You’re In the Army Now

At the time that I finished my studies Belgium still had National Service, since it was still several years away from the end-of-the-cold-war dividend. Normally you join the army as a “milicien” at the age of 18, unless you’re doing higher studies, in which case you asked for an extension, and then you joined some time after you’d completed your studies.

In my case I finished my studies in July 1979, and I was only due to join the army in October 1981. I still don’t know why I didn’t let them know that I withdrew my extension so that I could get it over and done with shortly after my end of studies.

Still, the way it went was that I had an offer from the Laboratory for Iron Steel Making at the Ghent University, which I took up in October 1979. This had a number of consequences :

  1. I interrupted my career as a researcher just when it started to become interesting;
  2. I came out of the army just when the steel industry was in the process of cutting back; and
  3. When I joined, I was nearly 26, which is way too old when your lieutenant is only 18.

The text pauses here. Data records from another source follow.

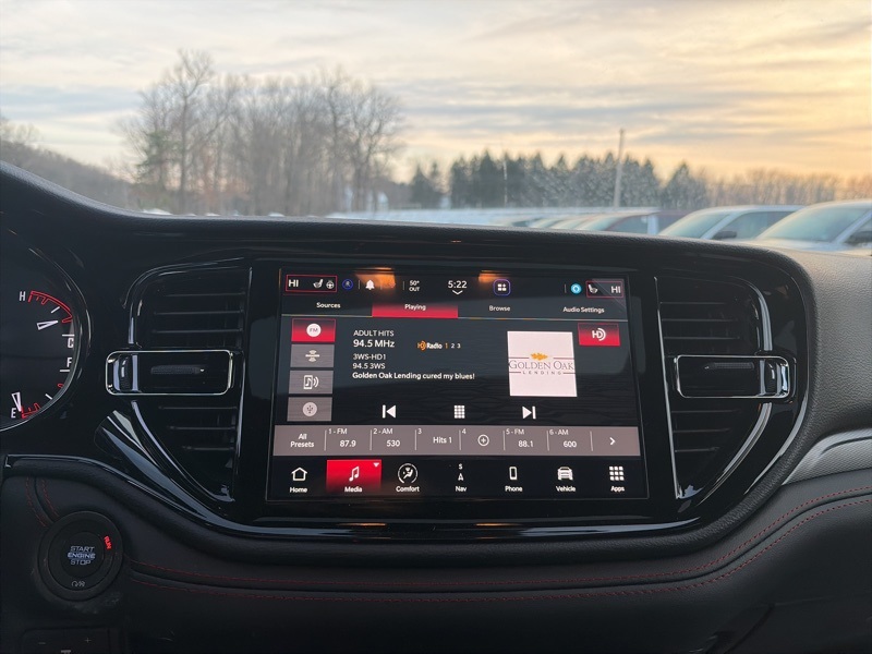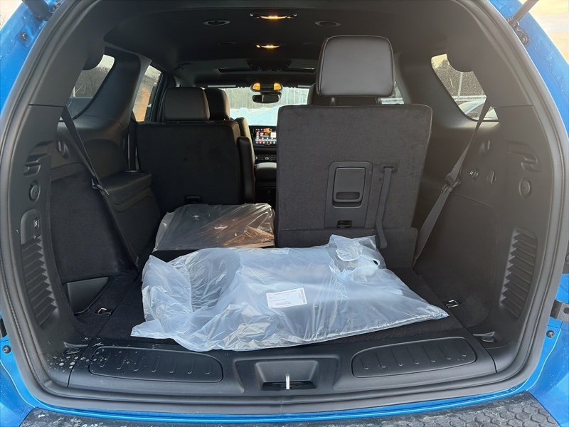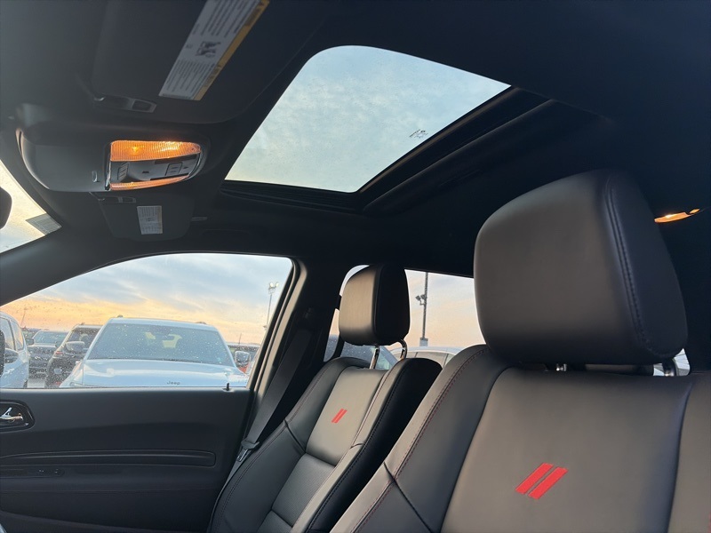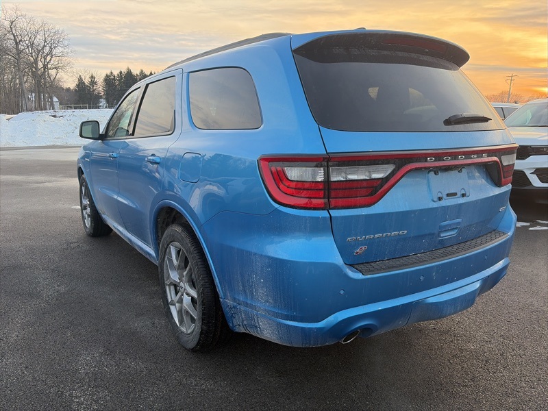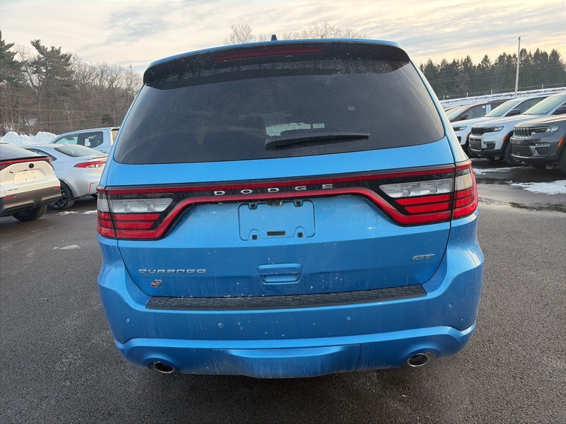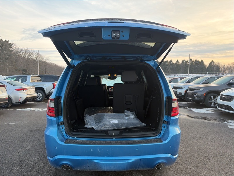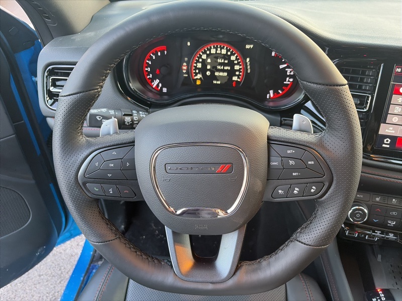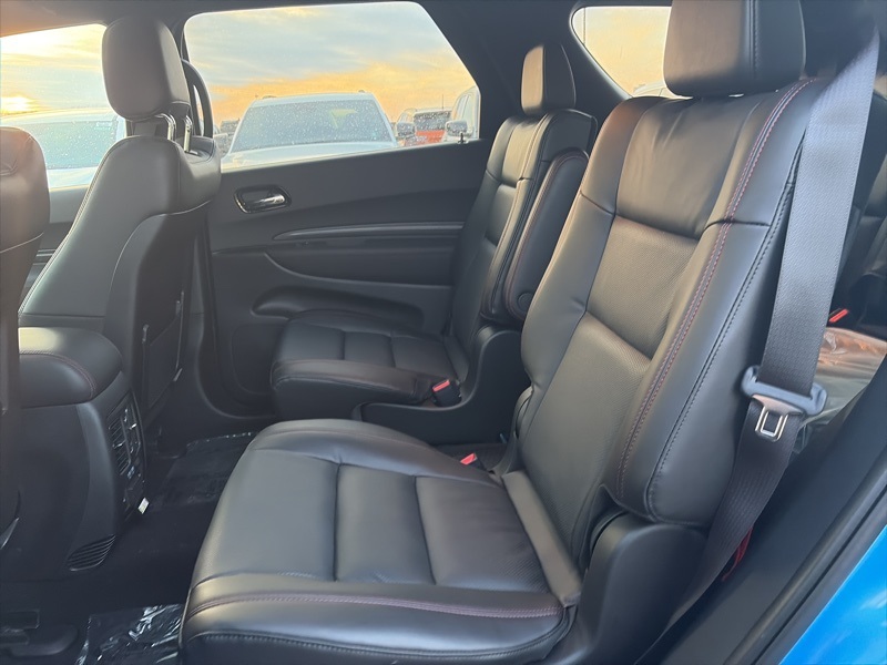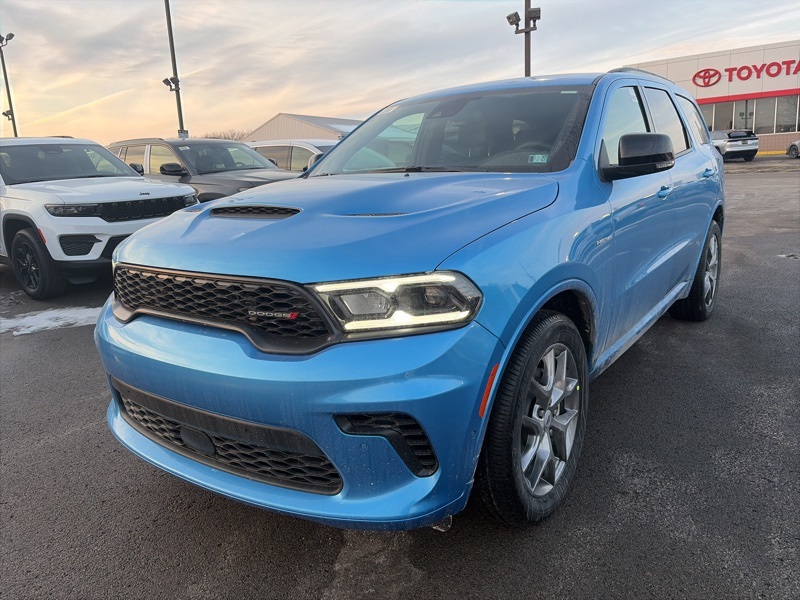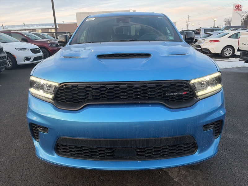 Quick Order Package 22T GT Plus (115V Auxiliary Power Outlet, 7 and 4 Pin Wiring Harness, Adaptive Cruise Control with Stop, Auto High Beam Headlamp Control, Auto-Dimming Exterior Driver Mirror, Black Roof Rails, Blind Spot with Trailer Detection, Class IV Receiver Hitch, Dual Remote USB Port - Charge Only, Exterior Mirrors with Heating Element, Exterior Mirrors with Memory, Exterior Mirrors with Supplemental Signals, Floor Console with Leather Armrest, Full Speed Forward Collision Warning Plus, Gloss Black Exterior Mirrors, Heated Second Row Seats, Integrated Roof Rail Crossbars, Leather Trimmed Bucket Seats, Leather Wrapped Door Panels, LED Auxiliary Low Beam and Turn Signal, Power 6x9 Multi-Function Foldaway Mirrors, Power 8-Way Driver Memory 8-Way Passenger Seats, Power Driver/Passenger 4-Way Lumbar Adjust, Power Sunroof, Power Tilt and Telescopic Steering Column, Radio/Driver Seat/Mirrors Memory, Red Accent Stitching, Trailer Brake Control, and Ventilated Front Seats), AWD, 2nd Row Fold/Tumble Captain Chairs, 2nd Row Mini Console with Cupholders, 2nd Row Seat Mounted Inboard Armrests, 3.09 Rear Axle Ratio, 3rd Row Floor Mat and Mini Console, 3rd row seats: split-bench, 4-Wheel Disc Brakes, 6-Passenger Seating, 9 Speakers, ABS brakes, Air Conditioning, Alloy wheels, AM/FM radio: SiriusXM w/360L, Apple CarPlay/Android Auto, Auto-dimming Rear-View mirror, Auto-leveling suspension, Automatic temperature control, Brake assist, Bumpers: body-color, Cloth Bucket Seats with Shift Insert, Compass, Delay-off headlights, Driver door bin, Driver vanity mirror, Dual front impact airbags, Dual front side impact airbags, Electronic Stability Control, Emergency communication system: Dodge Connect, Four wheel independent suspension, Front anti-roll bar, Front Bucket Seats, Front Center Armrest w/Storage, Front dual zone A/C, Front reading lights, Fully automatic headlights, Garage door transmitter, Heated door mirrors, Heated front seats, Heated steering wheel, Illuminated entry, Knee airbag, Leather steering wheel, Low tire pressure warning, Navigation System, Occupant sensing airbag, Outside temperature display, Overhead airbag, Overhead console, Panic alarm, ParkView Rear Back-Up Camera, Passenger door bin, Passenger vanity mirror, Power door mirrors, Power driver seat, Power Liftgate, Power steering, Power windows, Radio data system, Radio: Uconnect 5 Nav with 10.1" Display, Rain sensing wipers, Rear air conditioning, Rear anti-roll bar, Rear Load Leveling Suspension, Rear reading lights, Rear seat center armrest, Rear window defroster, Rear window wiper, Remote keyless entry, Security system, Speed control, Speed-sensing steering, Speed-Sensitive Wipers, Split folding rear seat, Spoiler, Sport steering wheel, Steering wheel mounted audio controls, Tachometer, Telescoping steering wheel, Tilt steering wheel, Traction control, Trip computer, Variably intermittent wipers, Voltmeter, and Wheels: 20" x 8" Satin Carbon Split 5-Spoke. AWD. B5 Blue 2026 Dodge Durango GT Plus HEMI V8 AWD 8-Speed Automatic HEMI 5.7L V8 Multi Displacement VVT
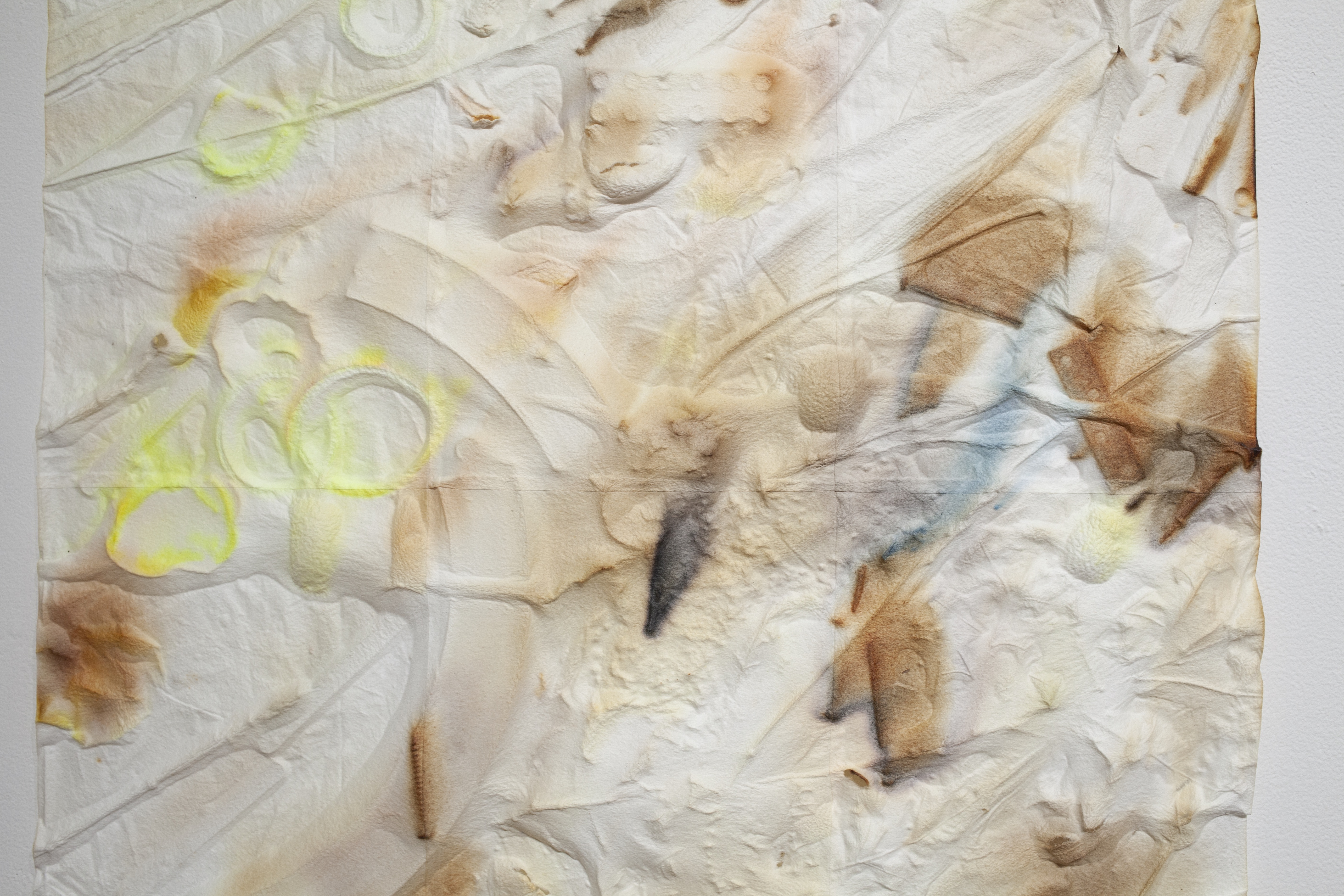 The works in Observed are part of a series Salazar calls “Leaves,” and were all made during her residency at Sarah Lawrence. Laying down prepared sheets of water-soluble paper over various items tied to her intimate world—leaves and branches, food scraps, her architect parents’ drawing stencils, rusty nails, screws, hinges and brackets, and her daughter’s building toys—Salazar then wets the paper until it returns to pulp. As the pulp redries, it becomes a cast of the field of matter, and absorbs the pigments of the plants and objects. These works shift in scale, between that which can be held in one’s hand, and the macro-and-microcosmic, as the applied pigments, residues of plant matter, gesture to other worlds.
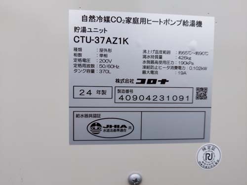 志摩市阿児町鵜方 コロナ自然冷媒CO2家庭用ヒートポンプ給湯機 貯湯ユニットCTU-37AZ1K エコキュート交換工事
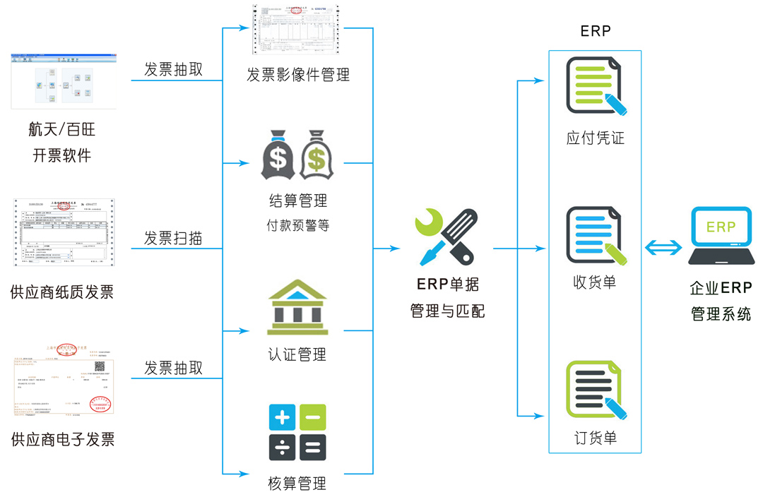 稅航增值稅進項發(fā)票管理解決方案,利用從業(yè)務系統(tǒng)的供應商信息中抽取的數(shù)據(jù)和掃描發(fā)票獲得的數(shù)據(jù),通過稅航進項發(fā)票管理平臺及稅控數(shù)據(jù)接口,實現(xiàn)自動識別認證、生成增值稅進項明細表,徹底消除進項發(fā)票流程中的重復勞動,保證進項數(shù)據(jù)的正確性和一致性,統(tǒng)一管理增值稅數(shù)據(jù)和業(yè)務數(shù)據(jù),實現(xiàn)靈活對比查詢,輕松轉(zhuǎn)換成企業(yè)ERP采購訂單或者應付憑證。更多進項報表可通過發(fā)票管理平臺統(tǒng)一生成,客觀、真實、及時 。實現(xiàn)原理圖如下:
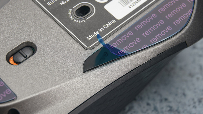 Нижняя часть выполнена единой деталью серого цвета, а значительную часть поверхности занимает информационный стикер.
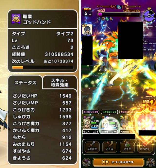 雷光さみだれ被ダメ200×4が特に防御バフ無しゴドハンで70~110×4とか、大渦潮もグレイトウォール発動で仲間の被ダメ2~300辺りで守り人もせいぜいHP黄色になるか程度
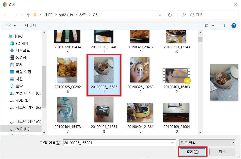 그 후 자신이 원하는 사진파일을 한개 선택하고 '열기(O)'를 눌러준다
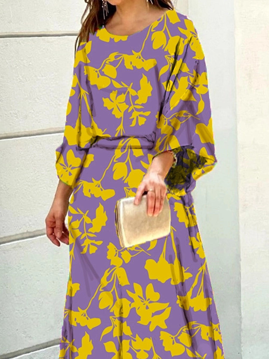 Damska retro kwiatowy nadruk z długim rękawem i wysokim stanem spódnica maxi
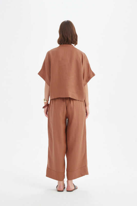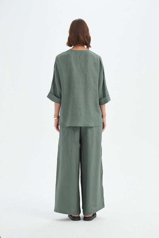 Tirelli - Boxy Button Linen Shirt - Cedar
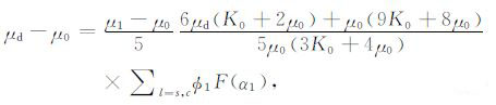 其中,K0 为固体矿物的体积模量,Kf 为孔隙饱含流体的体积模量,Kdry 和μdry 分别为干岩石骨架体积模量和剪切模量,φ 为孔隙度,Ksat 和μsat 为饱含流体岩石体积模量和剪切模量.地震波在均匀、各向同性、弹性介质中的传播速度表示如下[20]:
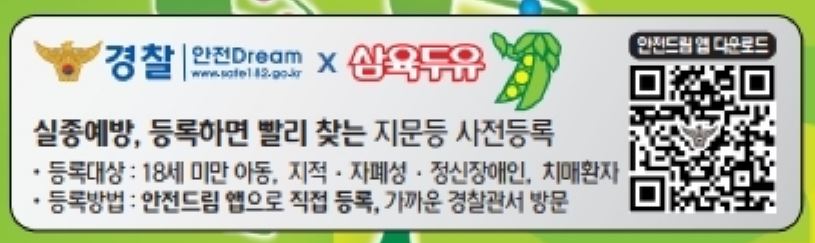 삼육두유 6종 포장 박스에서 만날 수 있는 '지문등 사전등록제도' 와 다운로드 QR!
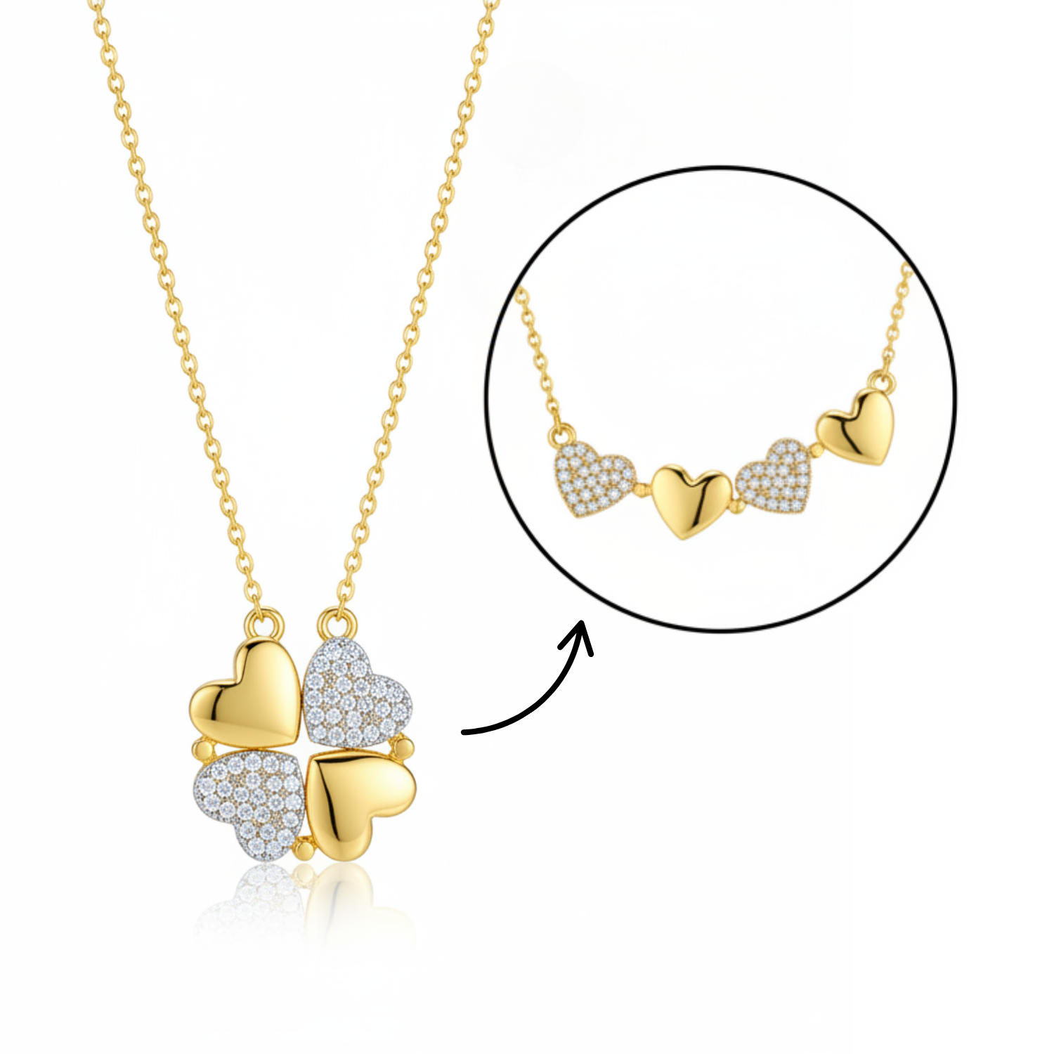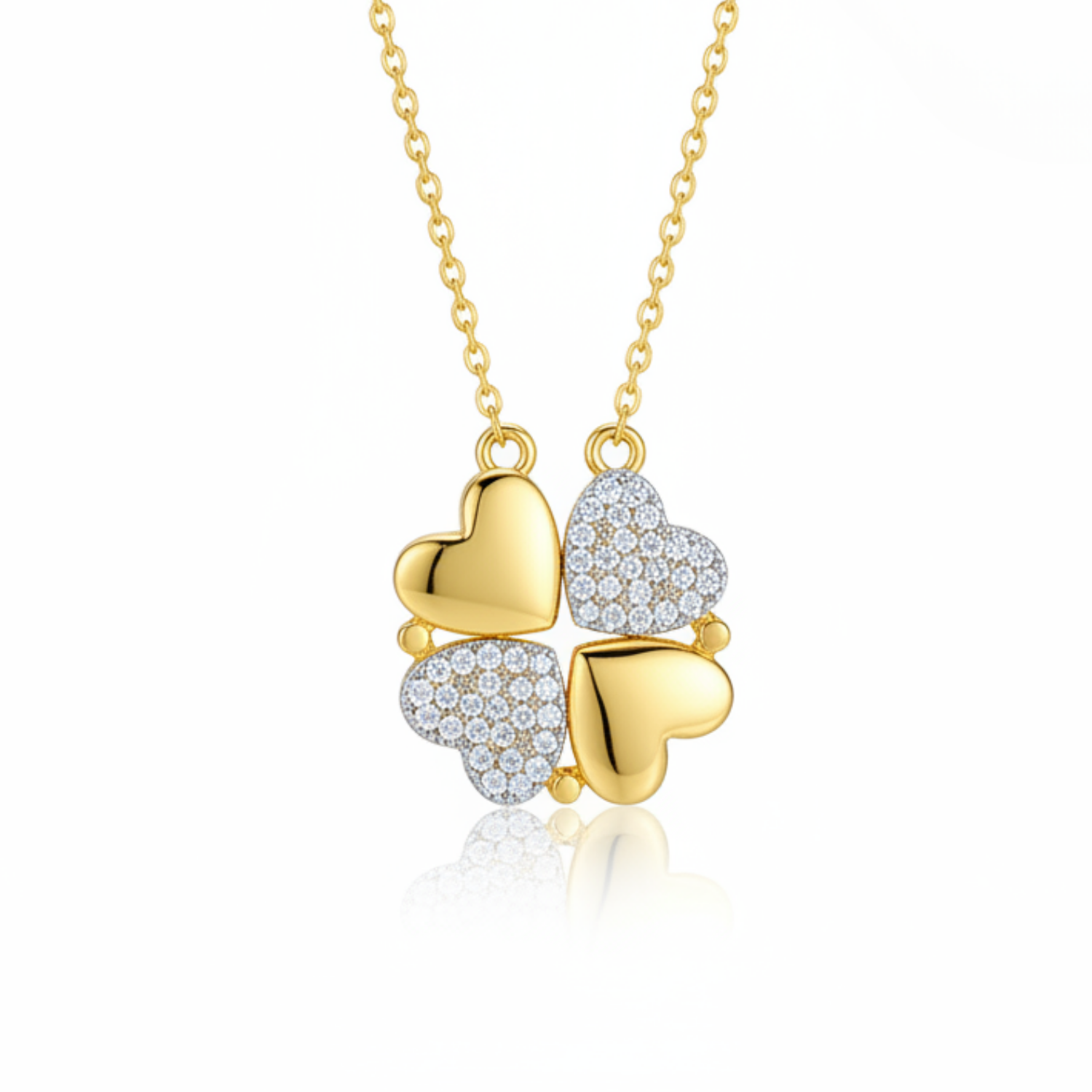 Questa collana presenta quattro cuori dorati, due scintillanti di cristalli, due delicatamente lucidati, che si uniscono per formare un delicato quadrifoglio. Un design intelligente che fonde romanticismo e buona fortuna, creato per accompagnare chi lo indossa con grazia e significato.

Anyhow, I opted for the short pain (you had the option of 10 months in Belgium or 8 month in Germany), and was based in Soest, where an uncle of mine had been captain with the tanks. I, on the other hand, was placed in the artillery where I was being trained to calculate the settings to direct the artillery pieces.

To say that it was a happy time would be a mild understatement. Having to take orders “because I say so” has never sat well with me, and to hear it come from a sergeant or a lieutenant who are not even out of their teens makes you really bite your tongue.

One of our sergeant’s favourite “jokes” was : “You’re in the army. You’re not here to think. Leave the thinking to the horses, they’ve got a bigger head.” Mildly funny once, not so when repeated on numerous occasions. Maybe I’m doing proper armies an injustice and the Belgian Army is a one-of-a-kind, but my experience of those eight months has made me an anti-militarist for life. The futility of it all is striking : having Howitzers that can only shoot over a distance of 14km (whereas the competition can do 25km), being a nuclear batallion with guns like that (even a tactical charge is the strength of the Hiroshima bomb, and with our reach we would have blown ourselves away), and the fact that the guns are far too static for modern warfare, where attack helicopters could blow you away in a second.

All you could do during that time is let it pass by, keep your head low, and go quietly mad. It definitely brought an edge to my type of humour, and could hold myself better in subsequent life, so in a way the army has made me a man. But was it really worth it ? I doubt it.